Copy each line below exactly as it appears. Pictures are to be omitted.

════════════════════

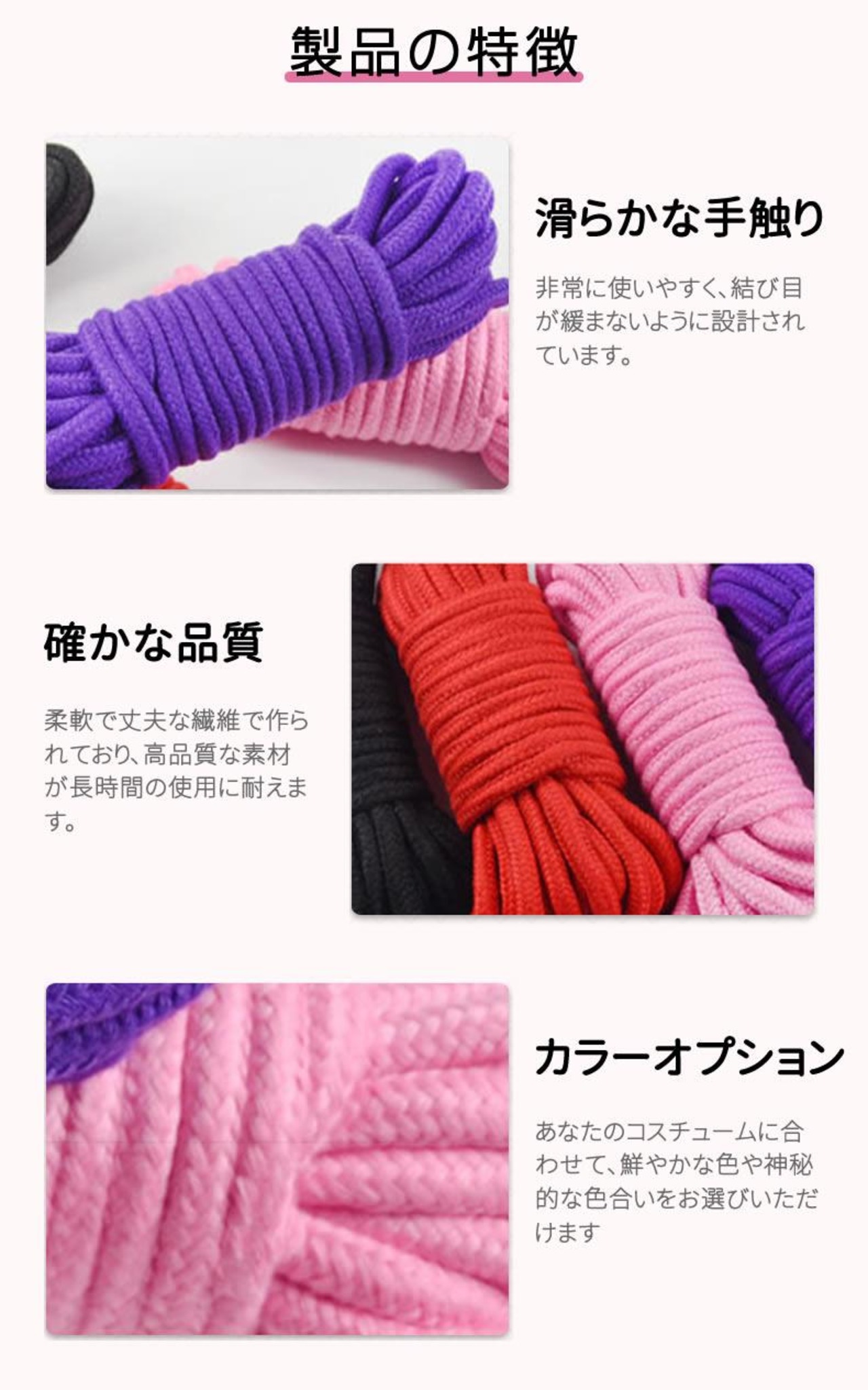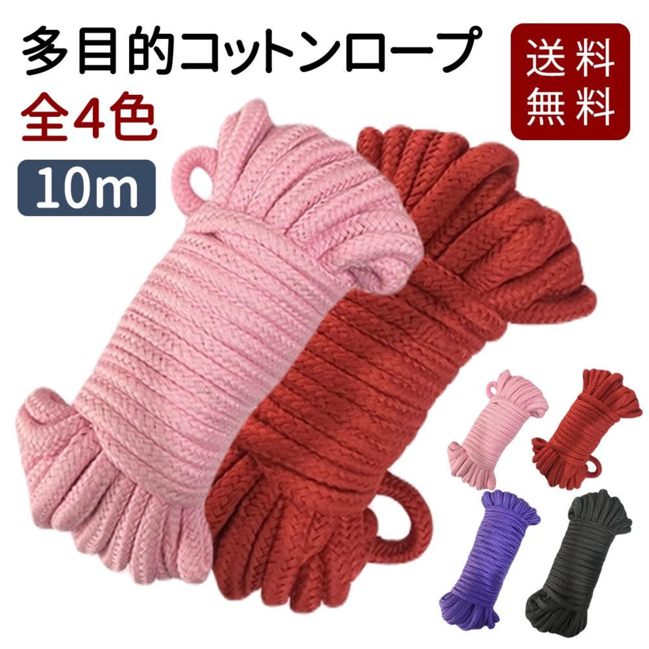 [F NODE] \Y!5位/セクシーグッズ 綿 ロープ SM 縄 コスプレ 10m 8mm径 全4色 SMロープ 道具 クリーニング レディース 赤 黒 紫 桃 SMプレイヤー 洗濯 清潔 亀甲
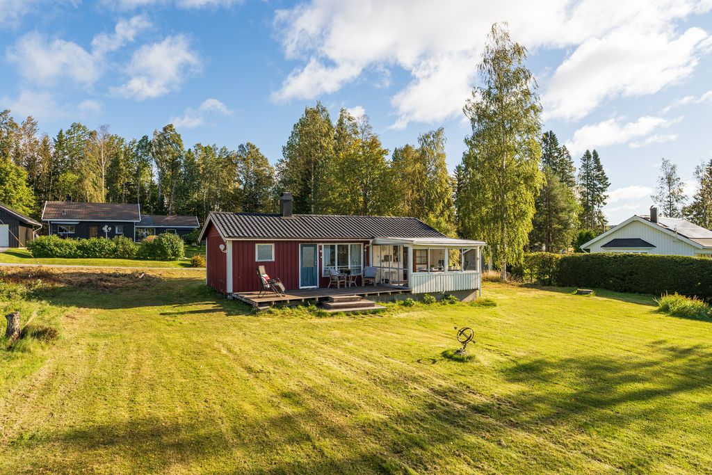 På tomten finns två uthus, ena används som gästhus med två sängplatser och det andra som förråd, vilket ger goda förvaringsmöjligheter. Stugan byggdes ut ca 1996 med sovrummet och den inglasade delen av bostaden, vilket skapar extra utrymme och en trivsam känsla året om.
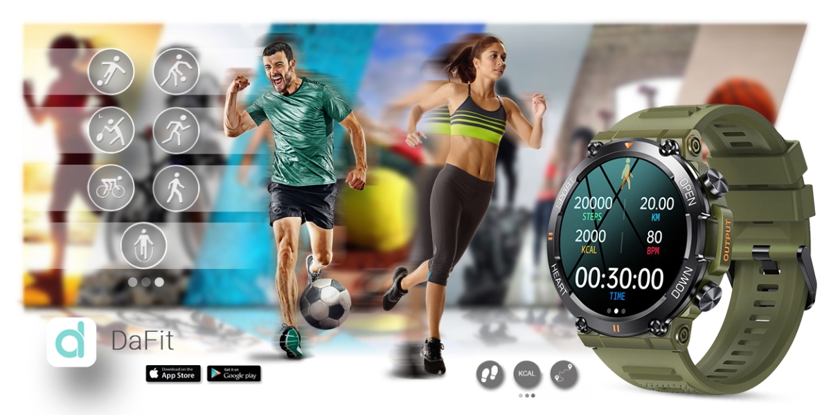 Smartwatch idealny dla aktywnych osób, którzy czas wolny spędzają na uprawianiu sportu i dbanie o zdrowy tryb życia. Ten model posiada wiele różnych trybów sportowych: koszykówka, rower, bieganie, chodzenie, skakanie, piłka nożna i badminton, które pozwolą w łatwy sposób kontrolować trening lub zabawę sportową. Pozwoli ci zaplanować i kontrolować czas, dystans, spalanie kalorii i efekt treningu.
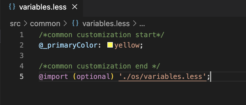 • Open src/common/variables.less. For a platform-specific change, open corresponding variables.less of that platform folder.
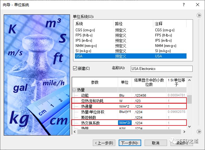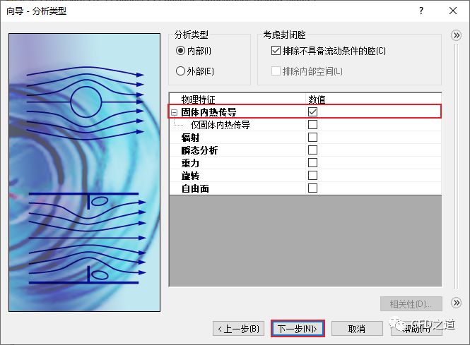 如下图所示,激活选项固体内热传导,点击按钮下一步
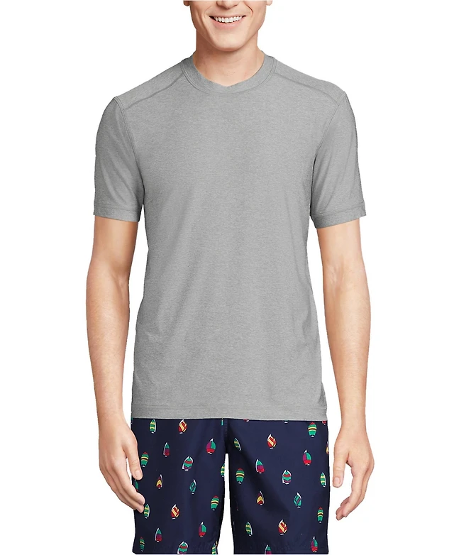 Lands' End Men's SunShade Upf 50 Short Sleeve Swim Tee Cooling Rash Guard

════════════════════

Task result:
 [F NODE] \Y!5位/セクシーグッズ 綿 ロープ SM 縄 コスプレ 10m 8mm径 全4色 SMロープ 道具 クリーニング レディース 赤 黒 紫 桃 SMプレイヤー 洗濯 清潔 亀甲
 På tomten finns två uthus, ena används som gästhus med två sängplatser och det andra som förråd, vilket ger goda förvaringsmöjligheter. Stugan byggdes ut ca 1996 med sovrummet och den inglasade delen av bostaden, vilket skapar extra utrymme och en trivsam känsla året om.
 Smartwatch idealny dla aktywnych osób, którzy czas wolny spędzają na uprawianiu sportu i dbanie o zdrowy tryb życia. Ten model posiada wiele różnych trybów sportowych: koszykówka, rower, bieganie, chodzenie, skakanie, piłka nożna i badminton, które pozwolą w łatwy sposób kontrolować trening lub zabawę sportową. Pozwoli ci zaplanować i kontrolować czas, dystans, spalanie kalorii i efekt treningu.
 • Open src/common/variables.less. For a platform-specific change, open corresponding variables.less of that platform folder.
 如下图所示,激活选项固体内热传导,点击按钮下一步
 Lands' End Men's SunShade Upf 50 Short Sleeve Swim Tee Cooling Rash Guard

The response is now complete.